* _DATA_
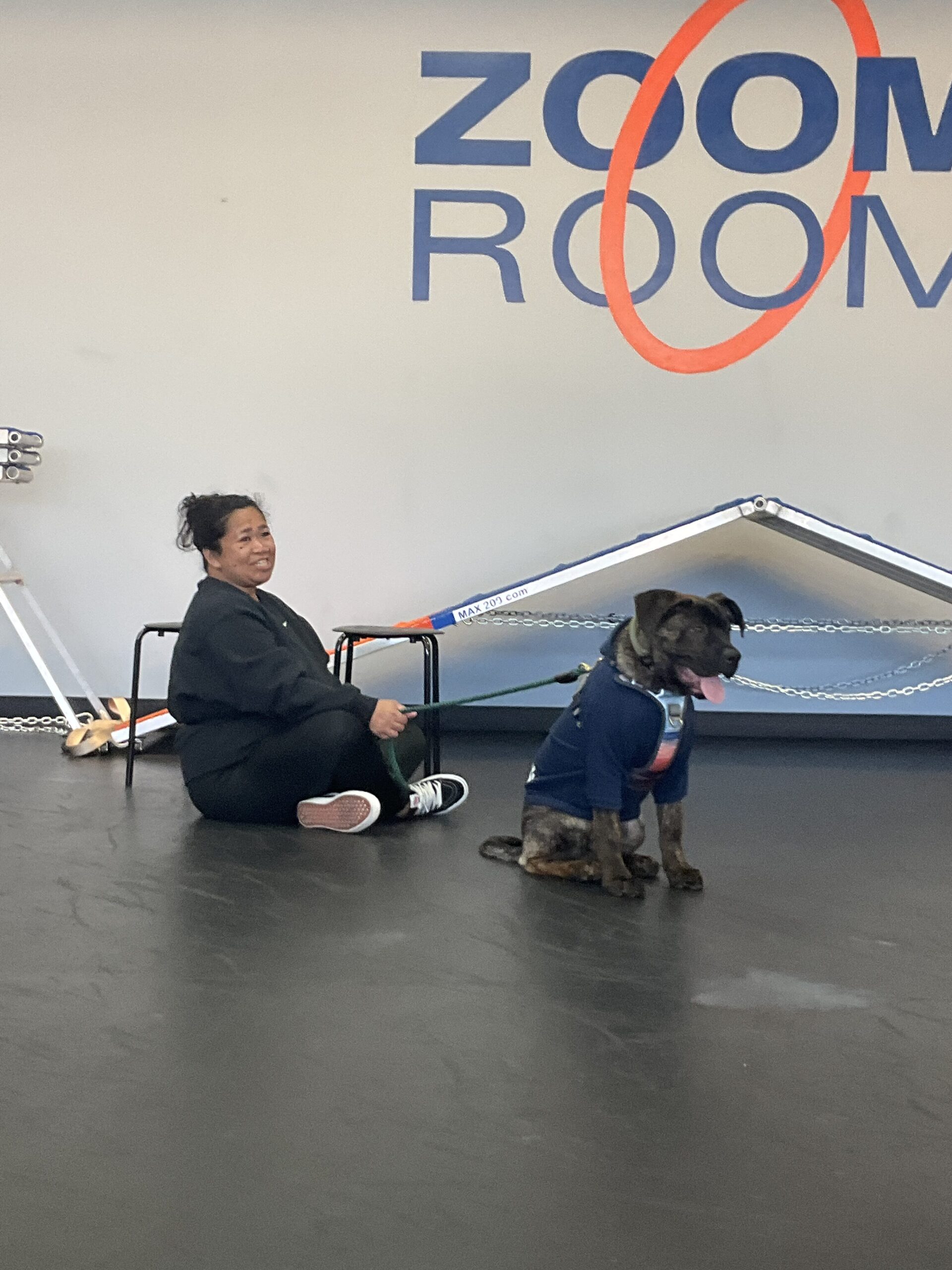 Training with Mom Check out this great photo of DRAX, one of the amazing dogs who train at the Zoom Room indoor dog training gym in Long Beach.
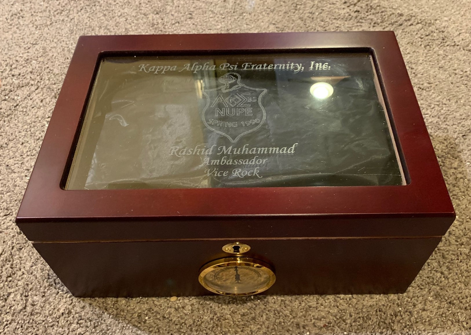 This is a customized Kappa Alpha Psi Fraternity Inc. engraved cigar humidor. The finish on the outside is cherry for a distinguished look. Three lines of text with a graphic/shield will be engraved or contact us for more options. Top of humidor engraved with the Fraternities shield or graphic of your liking. Beautiful craftsmanship. Holds 75-100 cigars. Humidor comes with hygrometer and humidifier and key.
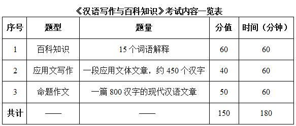 本考試包括三個部分:百科知識、應用文寫作、命題作文。總分150分。
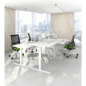 Le plateau (d’épaisseur 2.5 cm) en mélamine blanc et le piétement métallique blanc permettent à ce bureau de se fondre dans n’importe quel espace de travail.

* _YOUR TASK_
Only the lines between the one containing "This is a customized" and the last line of the listing above, both included, should be written out, exactly and without pictures.

* _ANSWER SECTION_
 This is a customized Kappa Alpha Psi Fraternity Inc. engraved cigar humidor. The finish on the outside is cherry for a distinguished look. Three lines of text with a graphic/shield will be engraved or contact us for more options. Top of humidor engraved with the Fraternities shield or graphic of your liking. Beautiful craftsmanship. Holds 75-100 cigars. Humidor comes with hygrometer and humidifier and key.
 本考試包括三個部分:百科知識、應用文寫作、命題作文。總分150分。
 Le plateau (d’épaisseur 2.5 cm) en mélamine blanc et le piétement métallique blanc permettent à ce bureau de se fondre dans n’importe quel espace de travail.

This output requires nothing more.